**Task prompt**
Please repeat only the lines below starting at the line that holds "OMH-accepted for medium-risk" and ending at the line that holds "2013-2018年全球多晶硅产能和中国产能占比", exactly, with both of those lines included and every picture omitted.

**Data provided**
——

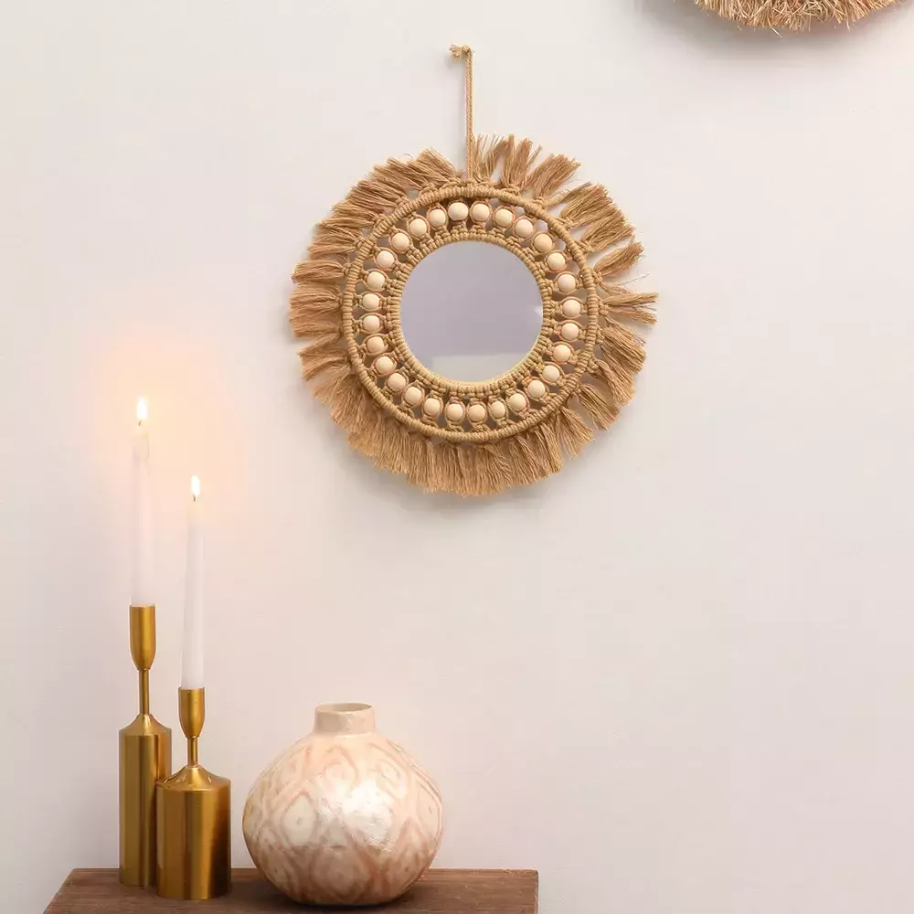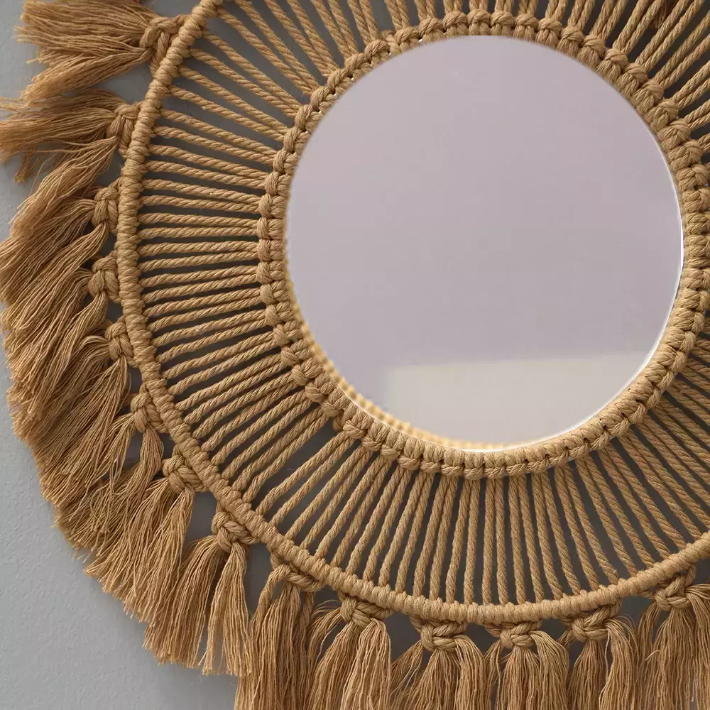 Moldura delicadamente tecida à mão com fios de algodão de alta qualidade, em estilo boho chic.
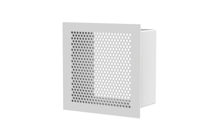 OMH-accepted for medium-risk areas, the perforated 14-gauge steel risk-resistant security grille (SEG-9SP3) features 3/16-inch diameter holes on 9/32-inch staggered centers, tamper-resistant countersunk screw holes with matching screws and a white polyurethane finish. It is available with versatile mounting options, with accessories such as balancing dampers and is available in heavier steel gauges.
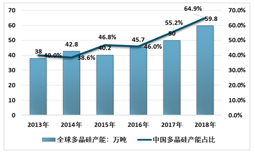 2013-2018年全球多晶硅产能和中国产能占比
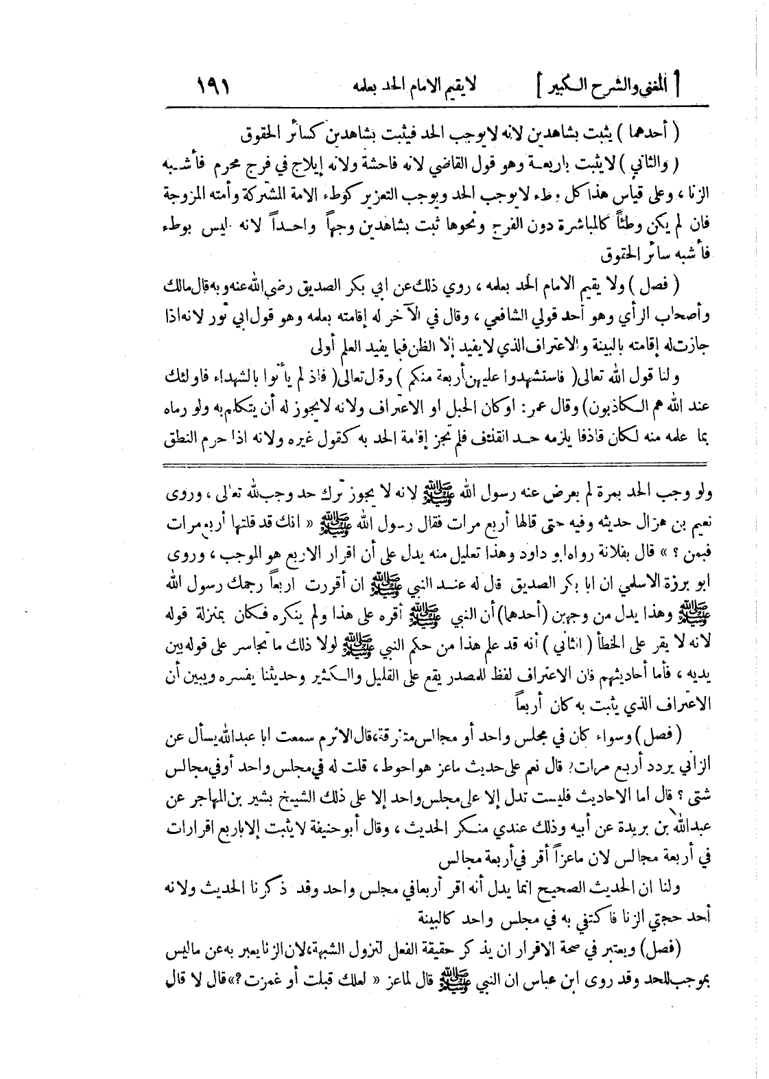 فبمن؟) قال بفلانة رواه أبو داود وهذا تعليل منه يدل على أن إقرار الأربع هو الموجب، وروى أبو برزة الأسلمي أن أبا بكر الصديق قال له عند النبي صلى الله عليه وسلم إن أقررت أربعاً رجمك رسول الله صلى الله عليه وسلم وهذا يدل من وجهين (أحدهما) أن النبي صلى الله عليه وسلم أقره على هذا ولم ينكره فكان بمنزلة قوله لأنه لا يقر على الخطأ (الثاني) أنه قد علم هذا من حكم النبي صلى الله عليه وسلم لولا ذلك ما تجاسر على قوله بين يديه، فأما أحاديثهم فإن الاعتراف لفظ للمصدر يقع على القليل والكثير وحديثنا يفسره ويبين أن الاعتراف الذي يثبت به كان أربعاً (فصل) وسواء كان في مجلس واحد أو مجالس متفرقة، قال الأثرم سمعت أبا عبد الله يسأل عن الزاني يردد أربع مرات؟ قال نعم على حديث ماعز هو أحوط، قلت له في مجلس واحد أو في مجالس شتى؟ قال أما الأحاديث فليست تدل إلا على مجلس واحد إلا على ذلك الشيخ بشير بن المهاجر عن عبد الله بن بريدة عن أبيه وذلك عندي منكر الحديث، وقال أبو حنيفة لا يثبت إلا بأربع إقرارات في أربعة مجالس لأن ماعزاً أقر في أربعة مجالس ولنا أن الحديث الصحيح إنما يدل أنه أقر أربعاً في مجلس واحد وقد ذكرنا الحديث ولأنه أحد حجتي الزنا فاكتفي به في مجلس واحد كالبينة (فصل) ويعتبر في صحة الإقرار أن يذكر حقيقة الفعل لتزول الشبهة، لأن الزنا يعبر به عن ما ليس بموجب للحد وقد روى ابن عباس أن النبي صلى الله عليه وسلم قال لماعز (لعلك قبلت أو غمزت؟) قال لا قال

——

**Exercise response**
 OMH-accepted for medium-risk areas, the perforated 14-gauge steel risk-resistant security grille (SEG-9SP3) features 3/16-inch diameter holes on 9/32-inch staggered centers, tamper-resistant countersunk screw holes with matching screws and a white polyurethane finish. It is available with versatile mounting options, with accessories such as balancing dampers and is available in heavier steel gauges.
 2013-2018年全球多晶硅产能和中国产能占比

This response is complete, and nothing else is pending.